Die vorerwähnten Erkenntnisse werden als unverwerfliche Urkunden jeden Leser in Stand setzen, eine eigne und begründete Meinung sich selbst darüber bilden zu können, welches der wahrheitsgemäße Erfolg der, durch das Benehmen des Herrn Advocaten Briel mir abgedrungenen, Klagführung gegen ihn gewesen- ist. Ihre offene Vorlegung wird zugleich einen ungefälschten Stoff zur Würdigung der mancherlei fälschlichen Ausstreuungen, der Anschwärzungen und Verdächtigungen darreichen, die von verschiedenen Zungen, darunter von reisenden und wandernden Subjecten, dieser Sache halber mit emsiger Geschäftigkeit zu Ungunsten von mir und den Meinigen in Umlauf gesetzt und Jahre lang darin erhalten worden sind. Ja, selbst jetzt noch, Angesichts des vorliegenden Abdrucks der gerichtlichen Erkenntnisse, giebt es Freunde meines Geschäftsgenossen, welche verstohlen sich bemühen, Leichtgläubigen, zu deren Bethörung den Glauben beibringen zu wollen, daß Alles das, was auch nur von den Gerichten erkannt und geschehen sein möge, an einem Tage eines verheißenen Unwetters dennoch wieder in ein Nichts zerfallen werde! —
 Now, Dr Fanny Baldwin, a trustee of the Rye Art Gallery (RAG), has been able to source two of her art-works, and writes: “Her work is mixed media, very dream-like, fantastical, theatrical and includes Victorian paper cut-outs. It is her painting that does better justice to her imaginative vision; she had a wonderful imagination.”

...

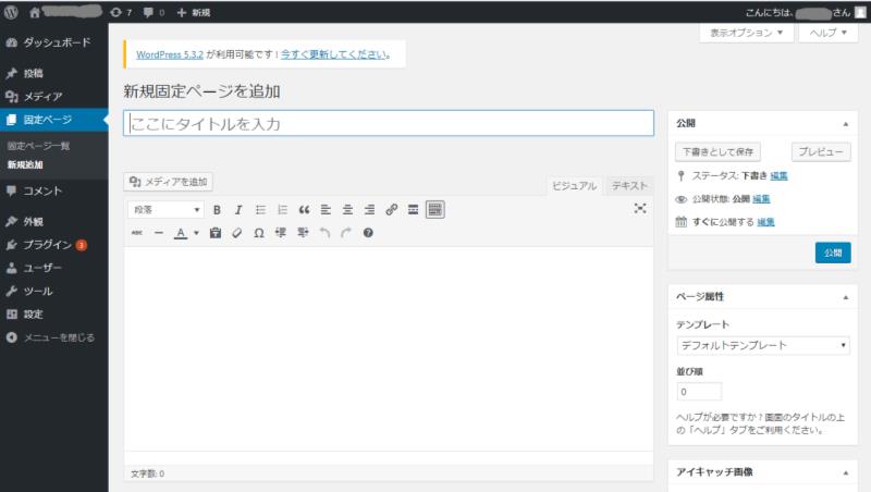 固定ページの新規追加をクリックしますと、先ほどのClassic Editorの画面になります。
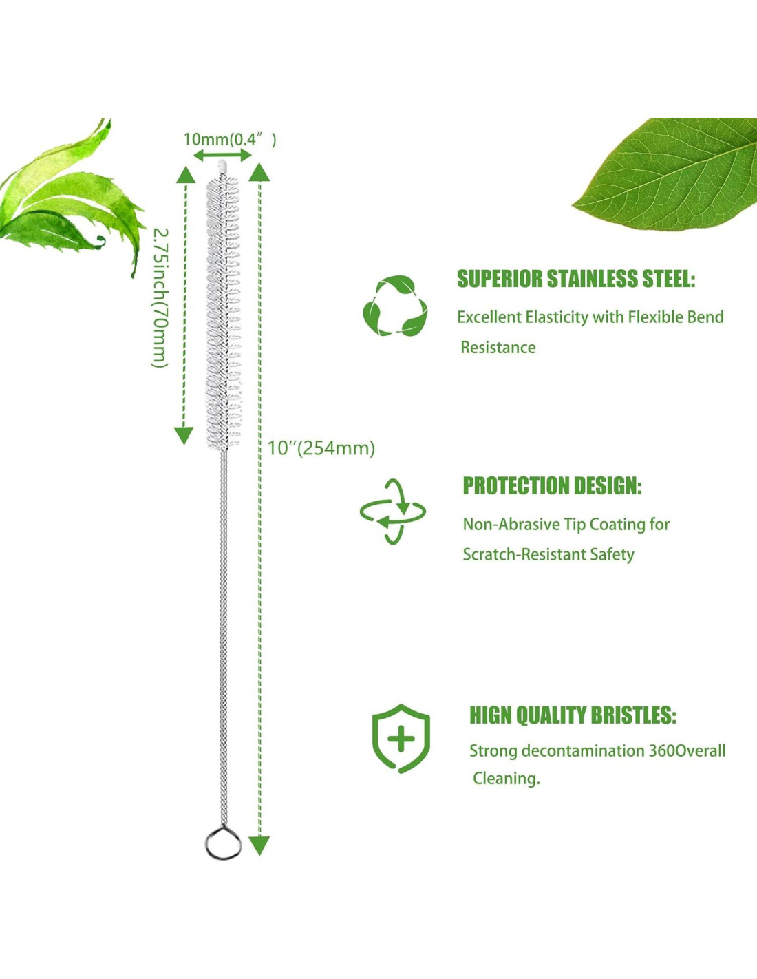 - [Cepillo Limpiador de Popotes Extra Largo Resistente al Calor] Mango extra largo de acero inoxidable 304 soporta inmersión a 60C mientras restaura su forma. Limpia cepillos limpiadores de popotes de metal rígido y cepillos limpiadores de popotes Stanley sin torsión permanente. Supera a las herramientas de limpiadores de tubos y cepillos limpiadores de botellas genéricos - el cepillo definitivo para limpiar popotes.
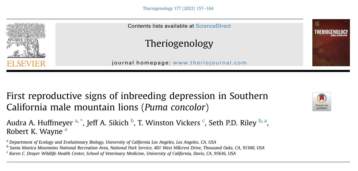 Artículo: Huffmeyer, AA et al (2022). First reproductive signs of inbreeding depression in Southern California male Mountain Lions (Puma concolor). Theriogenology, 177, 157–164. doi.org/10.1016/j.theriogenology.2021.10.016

...

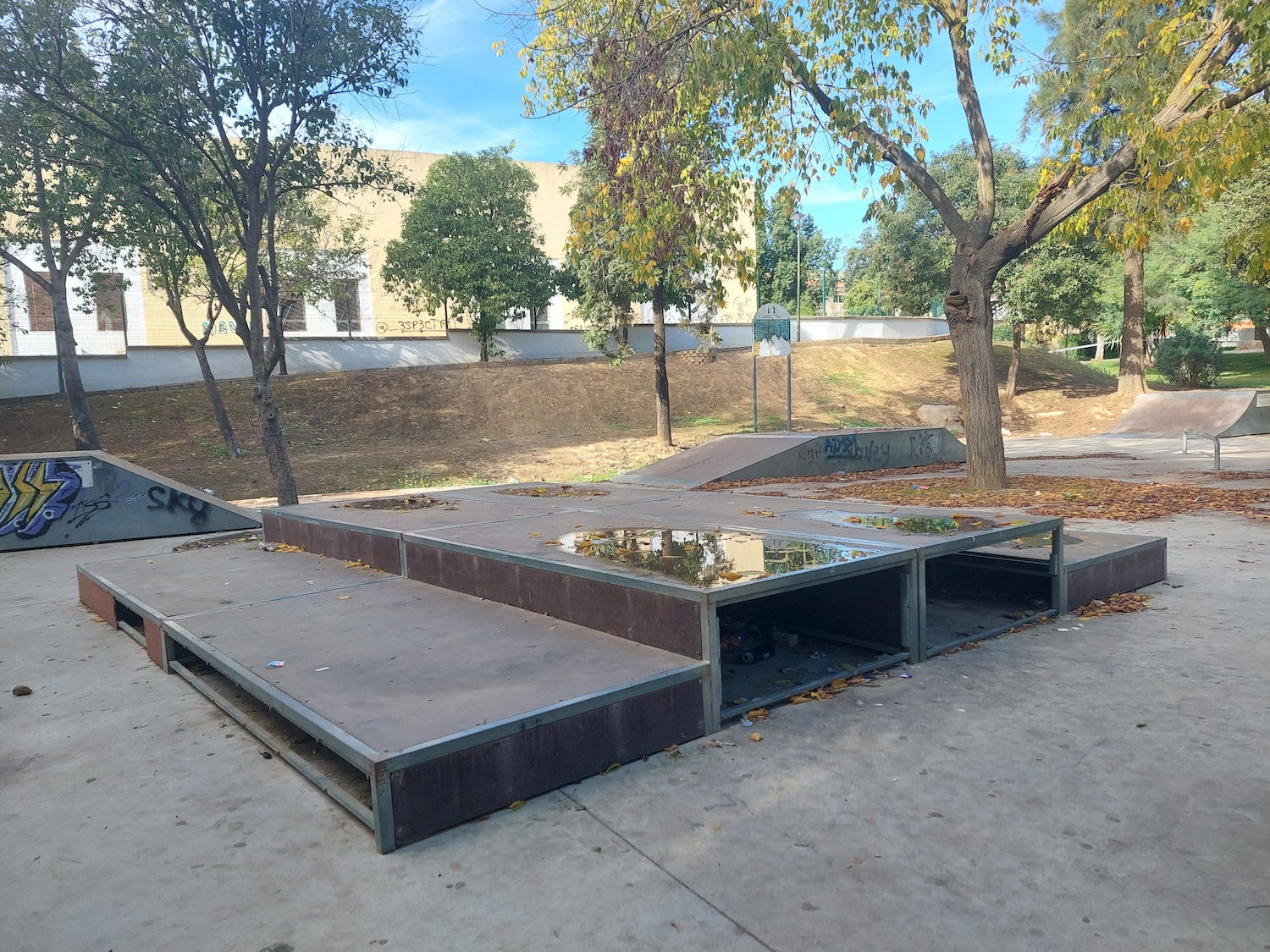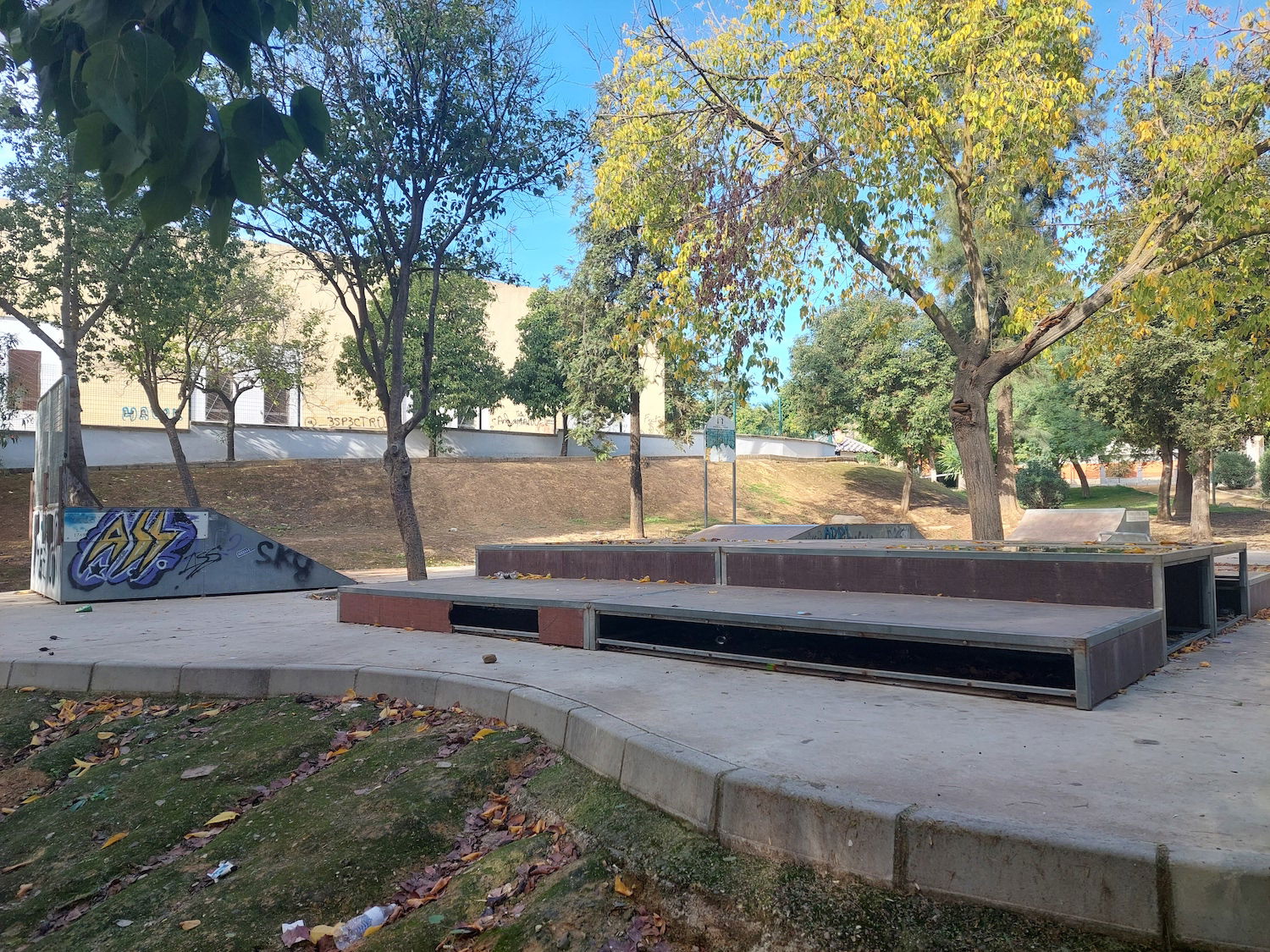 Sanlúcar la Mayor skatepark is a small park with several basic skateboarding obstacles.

Directions for this task.
Would you print exactly the lines in the listing above, from the line bearing "- [Cepillo Limpiador" through the line bearing "Artículo: Huffmeyer, AA", leaving out all pictures?

Result for this task.
 - [Cepillo Limpiador de Popotes Extra Largo Resistente al Calor] Mango extra largo de acero inoxidable 304 soporta inmersión a 60C mientras restaura su forma. Limpia cepillos limpiadores de popotes de metal rígido y cepillos limpiadores de popotes Stanley sin torsión permanente. Supera a las herramientas de limpiadores de tubos y cepillos limpiadores de botellas genéricos - el cepillo definitivo para limpiar popotes.
 Artículo: Huffmeyer, AA et al (2022). First reproductive signs of inbreeding depression in Southern California male Mountain Lions (Puma concolor). Theriogenology, 177, 157–164. doi.org/10.1016/j.theriogenology.2021.10.016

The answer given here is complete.